Ch07 - Transactions
Chapter 7: Transactions
Purpose of transactions: simplify the programming model
ACID definition is slippery
- Atomicity:
- different from normal meaning in concurrency programming (nobody else sees a partially updated state)
- means more abortability - when failure, all partial updates are reverted
- Consistency:
- overloaded term
- means some invariants to be true - but it's more up to application.
- 'C' doesn't really belong
- Isolation:
- concurrently executing transactions are isolated from each other: they cannot step on each other’s toes
- i.e. serializability - result is the same as if they had run serially
- in practice, strictly serializable isolation is rarely used.
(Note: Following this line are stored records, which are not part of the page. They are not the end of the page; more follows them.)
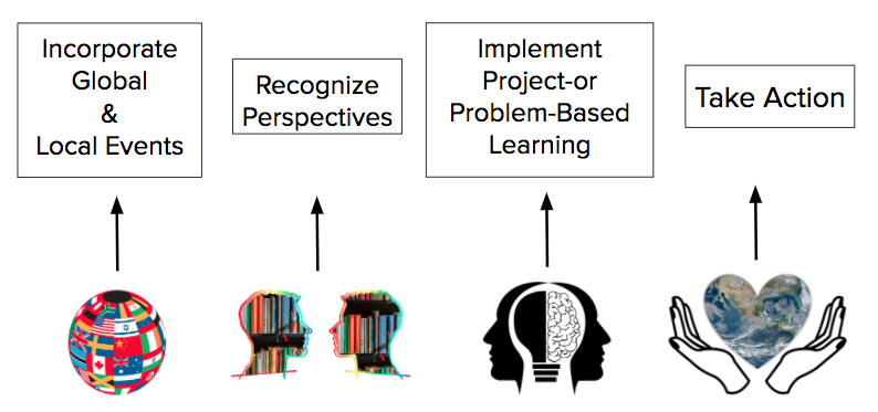 Within the four domains there are 24 Indicators, which are K-12 interdisciplinary to develop knowledge & understanding of global issues.
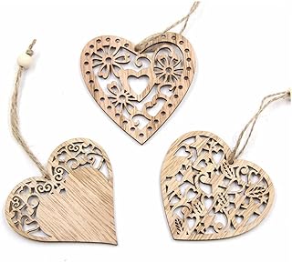 TOOGOO 12PCS 3 styles Coeur creux Ornements de pendentifs en bois Bricolage Decorations de Maison de Mariage de fete de Noel Ornements d'arbre de Noel Cadeau pour enfants
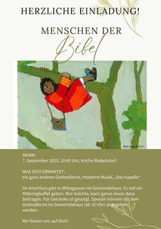 | 10.45 Uhr | 10.45 Uhr | Familiengottesdienst mit Pfarrerin Bieker-Dittschar „Menschen der Bibel“ |
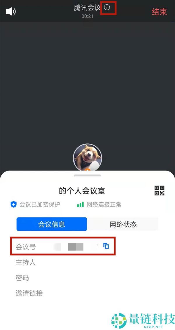 2、在会议界面,点击感叹号图标即可查看会议号(如图所示)。
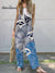 Women's Retro Fish Art Print Casual 100% Cotton Wide Leg Jumpsuit

Oracle 11g doesn’t even implement it.
- Durability
- once committed, data written is stored
- persisted to disk in single node
- or replicated in multi-node
- once committed, data written is stored
single-object vs multi
- Atomicity and isolation apply both to single and multi-object
- on single object:
- almost universally provided
- Atomicity - log for crash recovery
- isolation - a lock on each object
- some provide atomic operations e.g. increment or compare-and-et
- almost universally provided
- multi-object:
- in relational model, foreign key constraints to other table has to be met
- in document, need transactions to prevent denormalized data going out of sync
- update sconedary indexes
- on single object:
- handling error
- ACID databases abandon transactino entirely if at risk of ACID
- quorum storage - "best "effort"
Weak Isolation Levels
Serializable isolation has a performance cost, and many databases - including many popular relational DBs don’t want to pay that price.
Read Committed
- when reading, only see committed data - no dirty reads
- when writing, only overwrite data that has been fully committed - no dirty writes
- very popular - deulat in Oracle 11g, PostgreSQL, SQL Server 2012 etc.
- implementation
- prevent dirty writes by row level locks
- prevent dirty reads: not by read locks, but by keeping the old commited value and the new value set by the transaction that currently holds the write lock.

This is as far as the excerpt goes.